Nein, das wird kein linguistischer Ausflug in die syntaktischen Stellungsvarianten der Verbalgruppe im Deutschen. Dass Bruno Labbadia in seinem Zorn mal fix das Hilfsverb und – oh Gott, oh Gott – das Subjekt weggelassen hat, ist auch nicht Gegenstand dieser Gedanken. Das kann man Kurt Beck immerhin zu Gute halten: Er hatte im ganzen Satz gemeckert.
Ich erhebe jetzt mal wieder den Zeigefinger für die Diskussions- und Kritikkultur.
Alle paar Wochen schrecken wir kollektiv hoch, weil der eine oder andere öffentliche Mensch über die verbalen Stränge geschlagen hat. Dieses Internet bringt uns dann auch noch in die komfortable Situation, jeden dieser Fehltritte sofort und crossmedial an die virtuelle Pinnwand des Unverschämten zu nageln.
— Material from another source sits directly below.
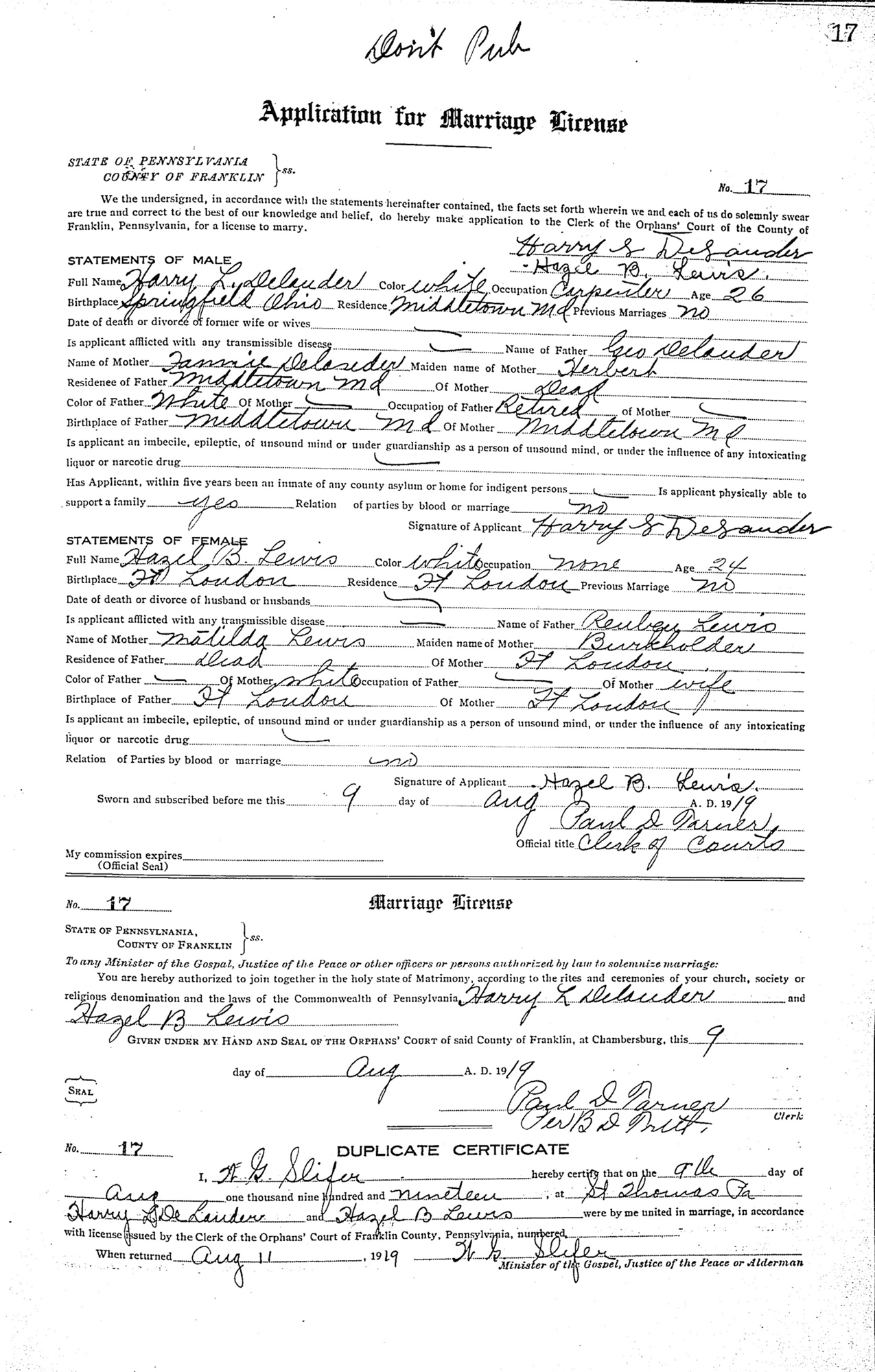 1 "Pennsylvania, County Marriages, 1885-1950," database with images, FamilySearch (accessed 18 Dec 2019); Harry L. Delauder and Hazel B. Lewis, 09 Aug 1919; citing Marriage, St Thomas, Franklin, Pennsylvania, United States, multiple County Clerks, Pennsylvania.
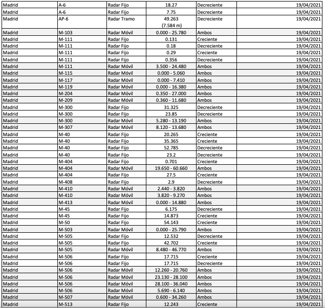 La DGT ha publicado la lista de los radares que más multan de España y en Madrid son estos:

WIE KANN ER NUR?!
Was wir dabei aber zu leicht vergessen, ist dass diese vermeintlich derbe Wortwahl im Grunde der Spiegel unseres Umgangs mit einander ist. Twitter, YouTube, Blogs oder die Kommentare auf Facebook-Seiten von Politikern und Unternehmen bilden den real-existierenden Ton ab, den wir untereinander pflegen. Da ich lange nicht mehr auf einem Schulhof war, weiß ich nicht, ob es dort noch drastischer zugeht. Aber ich glaube, Beck und Labbadia würden dort ausgelacht.
Es wird gepöbelt und beleidigt, angegriffen und verbal verletzt. Der „Shitstorm“ ist aus dem Vokabular öffentlicher Kommunikation kaum mehr wegzudenken. Regeln und Netiquetten greifen nur partiell und sind von der Durchsetzungskraft der Plattformbetreiber abhängig. Zu oft stellt sich die Frage: Lieb und nett oder vielleicht doch eher Traffic?
Ein gesellschaftlicher Grundkonsens zum anständigen Umgang miteinander scheint nicht mehr auffindbar. Und selbst wenn vordergründig alles nett und schön ist: Es gibt ja noch Zweit-Accounts. Da kann man dann vortrefflich die Sau rauslassen.
Die öffentlichen Ausbrüche von Bruno Labbadia und Kurt Beck, aber auch von vielen anderen, sind in diesem Zusammenhang keine Überraschung. Sie sind ein Gradmesser. Stellt Euch nur mal vor, was diese Leute den ganzen Tag ertragen müssen. Der ungeliebte Bundesligatrainer oder der nicht mehr ganz so geliebte Politiker erlebt regelmäßige Shitstorms. Aber er kann nicht den Rechner ausmachen. Es ist live.
Ich finde das beklemmend.
Natürlich werden die schlimmsten Pöbler diesen Text wahrscheinlich nie lesen. Und wenn sie es täten, wäre es wohl vorbei mit der Ruhe auf meinem beschaulichen Blog. Aber wir sollten die Hände nicht in den Schoß legen.
Seien wir doch einfach alle ein bisschen netter zu einander.